**WHAT THE EXERCISE ASKS:** Using the records below, give again exactly the lines from the line that contains "Я ставила торт" through the line that contains "Place Brown Thin Lines Dazzles™ around", both ends included, and only those.

**DATA IN THIS EXERCISE:**

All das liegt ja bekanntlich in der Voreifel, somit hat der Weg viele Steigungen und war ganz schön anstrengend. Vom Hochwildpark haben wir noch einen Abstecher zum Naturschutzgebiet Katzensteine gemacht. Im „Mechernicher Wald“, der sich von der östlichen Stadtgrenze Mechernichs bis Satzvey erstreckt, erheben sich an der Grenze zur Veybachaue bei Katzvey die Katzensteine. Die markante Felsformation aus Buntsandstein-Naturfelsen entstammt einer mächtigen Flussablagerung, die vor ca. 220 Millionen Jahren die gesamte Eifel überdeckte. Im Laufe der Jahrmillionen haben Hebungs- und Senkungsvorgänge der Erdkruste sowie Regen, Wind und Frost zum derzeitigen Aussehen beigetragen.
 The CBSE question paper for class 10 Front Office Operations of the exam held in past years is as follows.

...

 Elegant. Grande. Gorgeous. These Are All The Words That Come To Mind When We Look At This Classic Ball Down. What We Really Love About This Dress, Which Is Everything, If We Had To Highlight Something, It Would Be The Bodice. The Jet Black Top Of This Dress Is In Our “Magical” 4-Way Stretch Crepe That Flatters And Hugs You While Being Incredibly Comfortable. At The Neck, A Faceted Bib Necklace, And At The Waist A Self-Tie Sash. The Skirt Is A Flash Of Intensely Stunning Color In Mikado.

...

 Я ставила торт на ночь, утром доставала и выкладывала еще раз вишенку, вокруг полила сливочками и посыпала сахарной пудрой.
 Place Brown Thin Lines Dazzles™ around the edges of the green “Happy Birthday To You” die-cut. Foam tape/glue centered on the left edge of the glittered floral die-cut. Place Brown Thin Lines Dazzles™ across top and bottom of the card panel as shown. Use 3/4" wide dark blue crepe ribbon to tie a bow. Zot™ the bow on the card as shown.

**REPLY:**
 Я ставила торт на ночь, утром доставала и выкладывала еще раз вишенку, вокруг полила сливочками и посыпала сахарной пудрой.
 Place Brown Thin Lines Dazzles™ around the edges of the green “Happy Birthday To You” die-cut. Foam tape/glue centered on the left edge of the glittered floral die-cut. Place Brown Thin Lines Dazzles™ across top and bottom of the card panel as shown. Use 3/4" wide dark blue crepe ribbon to tie a bow. Zot™ the bow on the card as shown.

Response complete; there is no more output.